訓練模型後,您可以在測試口袋上從它們中繪製樣品,並進行以下內容:
bash generate.sh --method {method} --task {task} --tag {tag} --checkpoint {ckpt_number}
在命令中,{method}和{task}對可以在Method-Task對的前表中找到。 {tag}應根據您使用的檢查站替換為selftrain或pretrain 。如果沒有數字提供-CheckPoint參數,它將自動找到最新的.pt文件。如果提供了一個數字,它將使用指定的檢查點文件。

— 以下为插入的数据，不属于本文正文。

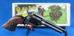 4.75" BBL; mint & unfired; great engraved Buffalo Bill wood grips; case hardened receiver; box has great graphics & color; nice looking gun; SN#3PH133355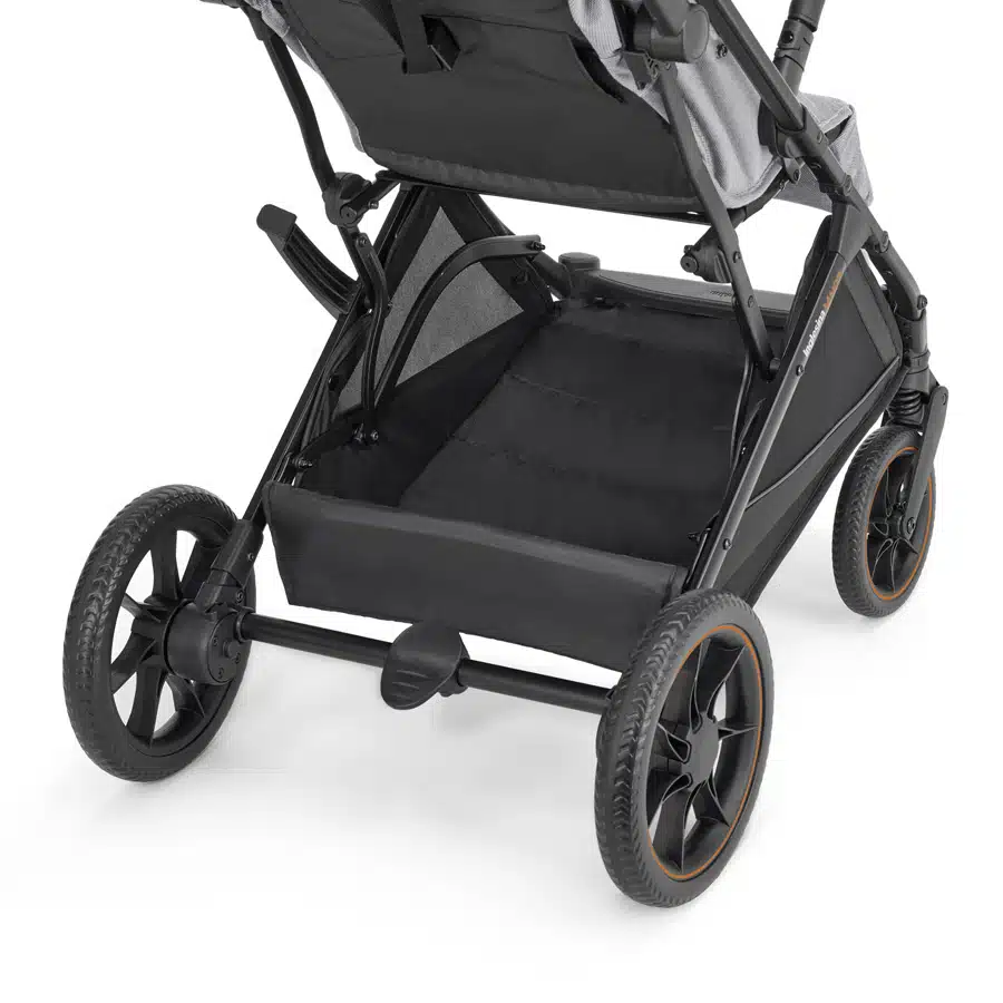 - A tágas bevásárlókosár fényvisszaverő elemekkel van ellátva, így akár sötétben vagy borús időben is teljes biztonságban közlekedhet a babakocsival.

例如,如果要使用自訓練的TargetDiff模型在測試集上生成樣本,則可以運行:
bash generate.sh --method targetdiff --task denovo --tag selftrain --checkpoint
或者如果要測試100000-3的檢查點。
bash generate.sh --method targetdiff --task denovo --tag selftrain --checkpoint 100000
請注意, D3FG使用兩步生成策略,因此該命令應為
bash generate.sh --method d3fg_fg --task denovo --tag {tag} --checkpoint # generate the functional groups
bash generate.sh --method d3fg_linker --task denovo --tag {tag} --checkpoint # generate the linkers
運行以下內容:
cd evaluate_scripts
bash evaluate.sh --method {method} --task {task} --tag {tag}
例如,如果您自己訓練了TargetDiff,請運行
bash evaluate.sh --method targetdiff --task denovo --tag selftrain
bash evaluate.sh --method targetdiff --task frag --tag selftrain
bash evaluate.sh --method targetdiff --task linker --tag selftrain
bash evaluate.sh --method targetdiff --task scaffold --tag selftrain
bash evaluate.sh --method targetdiff --task sidechain --tag selftrain
或者,如果您已經下載了驗證的型號,請運行
cd evaluate_scripts
bash bash evaluate.sh --method {method} --task {task} --tag pretrained
使用驗證的模型靈活地在現實世界目標上產生分子。
包括更多模型,例如3DSBDD,Depompdiff,Voxmol和Ligan。
發布預審預告額的模型,一旦發表論文,測試可行性和再現性。
代碼庫是由Haitao Lin初始化的,並以CBGbench V1作為我們的動機。隨後的代碼存儲庫的運行將由Gujiang Zhao及其DP Technology團隊管理。
如果您發現存儲庫有助於您的研究或項目,請引用我們的基準論文作為參考:
@misc{lin2024cbgbench,
title={CBGBench: Fill in the Blank of Protein-Molecule Complex Binding Graph},
author={Haitao Lin and Guojiang Zhao and Odin Zhang and Yufei Huang and Lirong Wu and Zicheng Liu and Siyuan Li and Cheng Tan and Zhifeng Gao and Stan Z. Li},
year={2024},
eprint={2406.10840},
archivePrefix={arXiv},
}
以及我們以前的DiffBP和D3FG的作品:
@misc{lin2024diffbpgenerativediffusion3d,
title={DiffBP: Generative Diffusion of 3D Molecules for Target Protein Binding},
author={Haitao Lin and Yufei Huang and Odin Zhang and Siqi Ma and Meng Liu and Xuanjing Li and Lirong Wu and Jishui Wang and Tingjun Hou and Stan Z. Li},
year={2024},
eprint={2211.11214},
archivePrefix={arXiv},
primaryClass={q-bio.BM},
url={https://arxiv.org/abs/2211.11214},
}
@inproceedings{
lin2023functionalgroupbased,
title={Functional-Group-Based Diffusion for Pocket-Specific Molecule Generation and Elaboration},
author={Haitao Lin and Yufei Huang and Odin Zhang and Yunfan Liu and Lirong Wu and Siyuan Li and Zhiyuan Chen and Stan Z. Li},
booktitle={Thirty-seventh Conference on Neural Information Processing Systems},
year={2023},
url={https://openreview.net/forum?id=lRG11M91dx}
}
該項目是根據GPL-3.0許可證的條款許可的。